# Task goal:
Without the pictures, output all of the data exactly.

# Data section:
▼

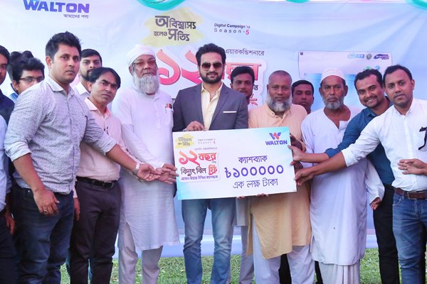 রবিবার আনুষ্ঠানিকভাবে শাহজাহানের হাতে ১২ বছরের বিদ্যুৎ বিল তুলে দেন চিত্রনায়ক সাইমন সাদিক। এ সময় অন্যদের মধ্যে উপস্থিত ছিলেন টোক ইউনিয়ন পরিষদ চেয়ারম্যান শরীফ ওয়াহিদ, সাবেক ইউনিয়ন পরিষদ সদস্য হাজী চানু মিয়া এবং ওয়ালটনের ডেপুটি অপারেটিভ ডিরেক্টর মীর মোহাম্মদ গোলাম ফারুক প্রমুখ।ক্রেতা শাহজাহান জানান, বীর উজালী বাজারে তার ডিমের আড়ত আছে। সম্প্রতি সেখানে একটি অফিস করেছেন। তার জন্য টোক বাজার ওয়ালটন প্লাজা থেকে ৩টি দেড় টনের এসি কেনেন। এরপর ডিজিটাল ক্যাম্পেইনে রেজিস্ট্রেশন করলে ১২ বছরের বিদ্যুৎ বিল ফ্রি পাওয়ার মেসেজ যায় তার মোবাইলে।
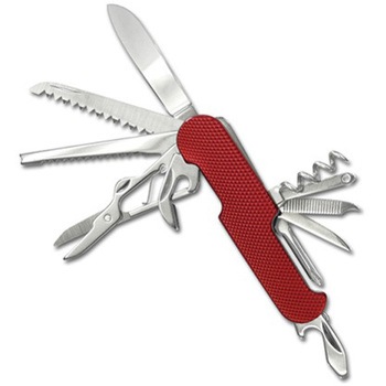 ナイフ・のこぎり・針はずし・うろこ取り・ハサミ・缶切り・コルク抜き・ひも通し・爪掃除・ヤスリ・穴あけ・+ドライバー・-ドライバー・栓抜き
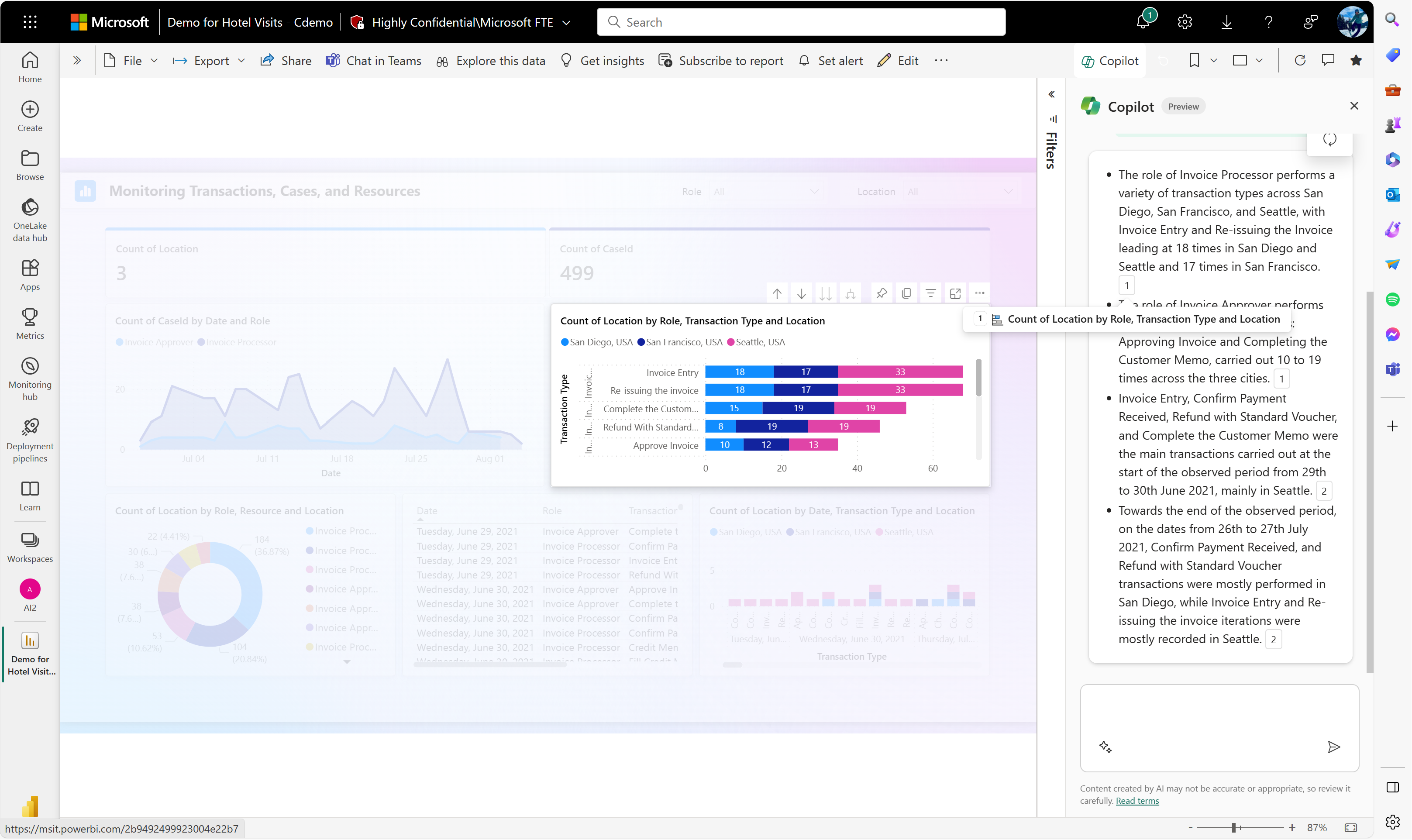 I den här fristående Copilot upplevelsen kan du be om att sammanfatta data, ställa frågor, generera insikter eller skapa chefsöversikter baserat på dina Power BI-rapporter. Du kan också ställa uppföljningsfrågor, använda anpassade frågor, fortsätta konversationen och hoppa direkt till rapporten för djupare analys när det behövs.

▲

# Answer to this task:
 রবিবার আনুষ্ঠানিকভাবে শাহজাহানের হাতে ১২ বছরের বিদ্যুৎ বিল তুলে দেন চিত্রনায়ক সাইমন সাদিক। এ সময় অন্যদের মধ্যে উপস্থিত ছিলেন টোক ইউনিয়ন পরিষদ চেয়ারম্যান শরীফ ওয়াহিদ, সাবেক ইউনিয়ন পরিষদ সদস্য হাজী চানু মিয়া এবং ওয়ালটনের ডেপুটি অপারেটিভ ডিরেক্টর মীর মোহাম্মদ গোলাম ফারুক প্রমুখ।ক্রেতা শাহজাহান জানান, বীর উজালী বাজারে তার ডিমের আড়ত আছে। সম্প্রতি সেখানে একটি অফিস করেছেন। তার জন্য টোক বাজার ওয়ালটন প্লাজা থেকে ৩টি দেড় টনের এসি কেনেন। এরপর ডিজিটাল ক্যাম্পেইনে রেজিস্ট্রেশন করলে ১২ বছরের বিদ্যুৎ বিল ফ্রি পাওয়ার মেসেজ যায় তার মোবাইলে।
 ナイフ・のこぎり・針はずし・うろこ取り・ハサミ・缶切り・コルク抜き・ひも通し・爪掃除・ヤスリ・穴あけ・+ドライバー・-ドライバー・栓抜き
 I den här fristående Copilot upplevelsen kan du be om att sammanfatta data, ställa frågor, generera insikter eller skapa chefsöversikter baserat på dina Power BI-rapporter. Du kan också ställa uppföljningsfrågor, använda anpassade frågor, fortsätta konversationen och hoppa direkt till rapporten för djupare analys när det behövs.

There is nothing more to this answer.